Journal Entry: December
Over the last month and a bit, I have made massive progress on implementing my compiler. I went from having a semi-working parser/type checker for my language to having a compiler that can successfully produce assembly/machine code based on a given source file written in my language. While it cannot produce actual .exe files yet, the complex part is done. All that it needs now is some “plumbing” code to connect a few separate systems together, plus a few calls into LLVM and the system linker, and I’ll have a usable .exe file.
This month, I was focused almost entirely on writing code. I wrote code to implement:
- type-based analysis/overloading for operators and functions
- handling indirection and memory accesses in the type system
- modularized name resolution and lexical scoping
- type-checking array indexing, field accesses on record types, other aggregate operations
- encoding and decoding entity names to “mangle” them for later use using a specification that I wrote alongside the encoder/decoder
- LLVM IR generation for functions, global constants, compiler intrinsics and externally-defined functions
- LLVM IR generation for mathematical and logical expressions
- LLVM IR generation for basic control-flow, including loops, if-elif-else, etc.
- LLVM IR generation for memory/aggregate operations, and code that correctly moves data in/out of memory and registers accordingly
- LLVM IR generation to detect some run-time errors, i.e integer overflow, trying to access out-of-bounds array indices, etc.
- A runtime library that can be linked with the generated code to properly set up the environment for my language, and ensure that it interacts with the OS/libc properly
With all of that, I’m currently in the middle of February schedule-wise for all the code. Unfortunately, with my near-exclusive focus on code this month, I didn’t get around to writing much of my technical documentation / non-technical “what even is a compiler?” explanations, so I’m slightly behind schedule on that front. I did write some documentation, but it was more documenting what exactly the compiler did rather than how it did it or why (e.g instead of saying “because of A and B we need to do C, and here’s how that plays into the greater whole” the documentation I wrote this month was more of “we do C, here’s the excruciating detail on exactly what we do.” It ended up being more about documenting the assumptions/specifics of exactly how my compiler made certain more open-ended features work (mostly in order to keep them straight in my own head, this stuff is complicated), rather than about how or why.
Most of it was surprisingly straightforward (note that I mean most, there were some difficult problems that snuck in where I really didn’t expect them), and I would consider myself easily on-track for completion. The compiler currently implements a usable C-like subset of the language, with all of the core features that I expected to be able to finish by March done. All I really need to focus on in the coming months is refining that writing, documenting the darker corners of the compiler’s codebase, and writing a ton of tests to iron out the hundreds of obscure bugs/oversights I assume are hiding in the new parts of the compiler.

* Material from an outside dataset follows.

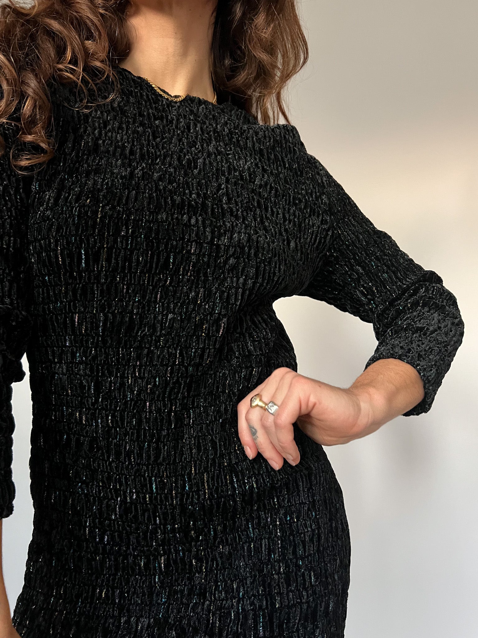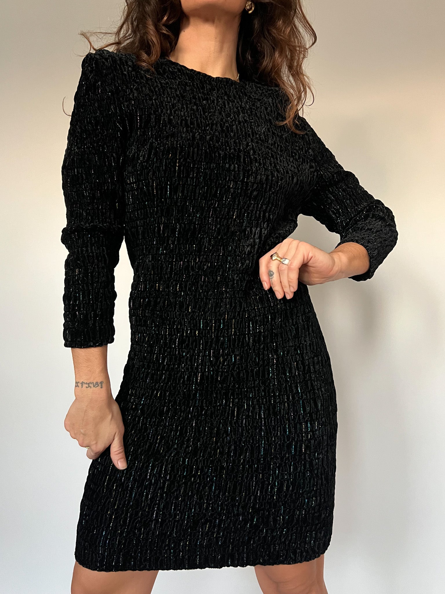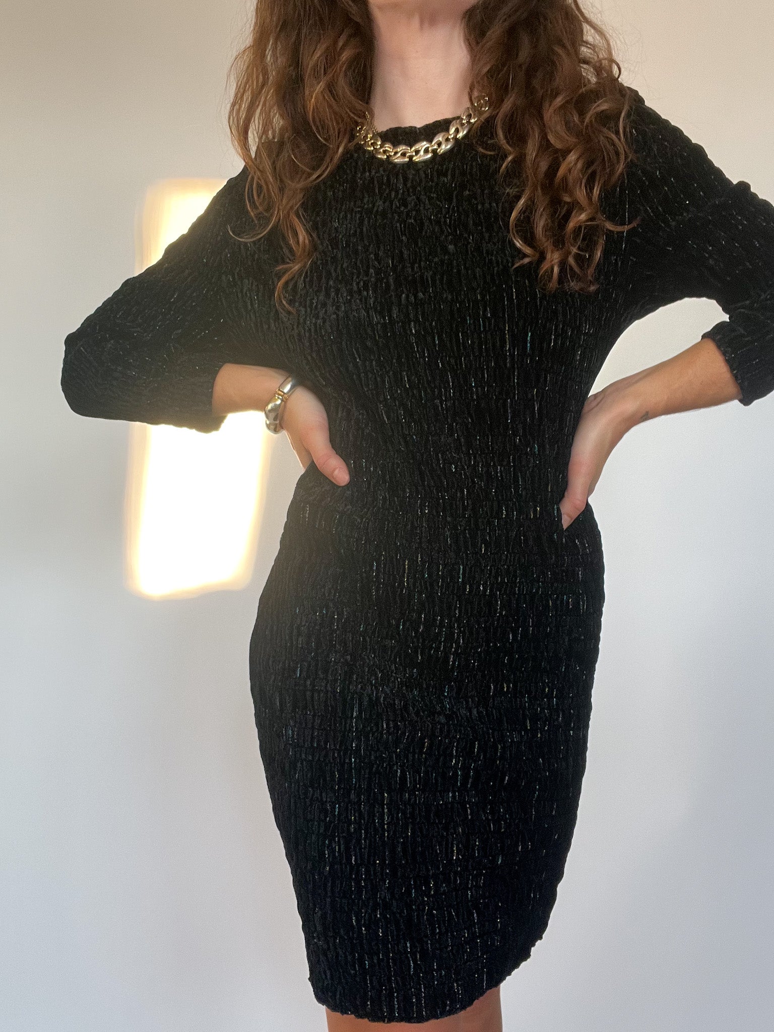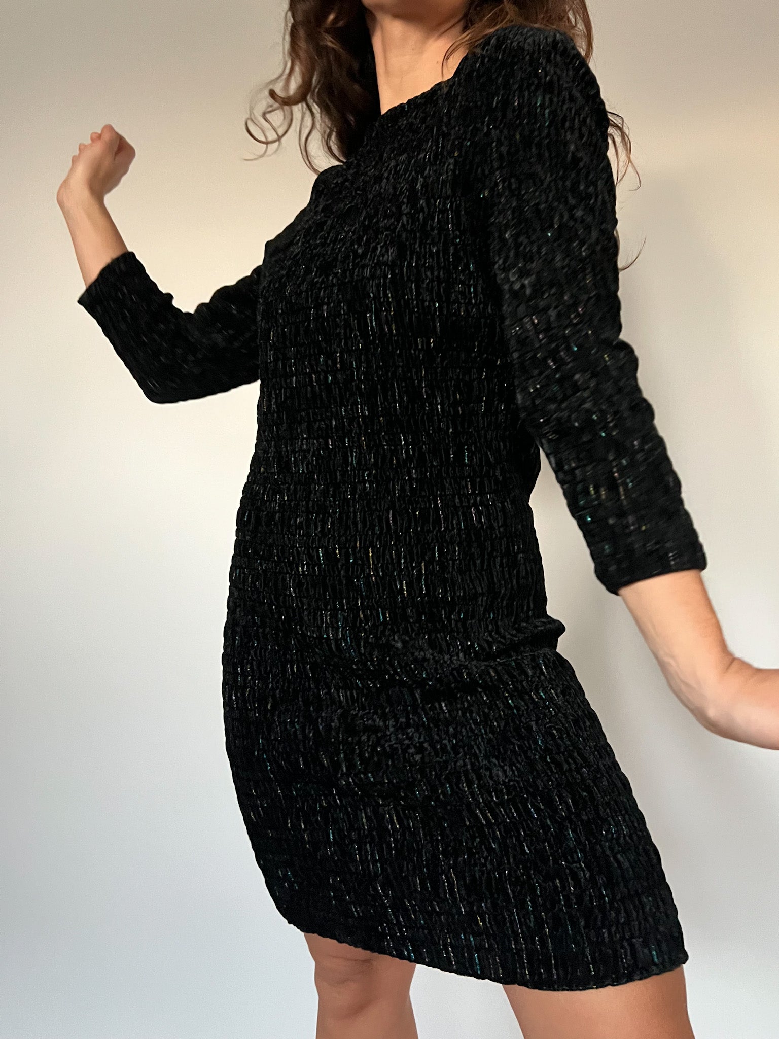 Vintage 90’s Black Velvet Wrap Effect Mini Dress

From this entire process, I’ve learned a huge amount on what actually goes into creating a usable compiler. I’ve learned about the more obscure jobs that a compiler needs to perform, and I’ve learned that there exist much better ways of doing those jobs than the way I did them (unfortunately I only realized this after-the-fact, and I’m not exactly itching to rewrite a few thousand lines of code to make it easier to maintain or to make it perform better). I’ve also learned a lot about all the thought that needs to go into formalizing semantics ahead-of-time, instead of just figuring it out as I got to it: figuring out what needs to happen before-hand and writing code to do that afterwards is much easier than writing a bunch of code, realizing that the original assumptions were wrong, and trying to fix those assumptions while breaking the least amount of other code.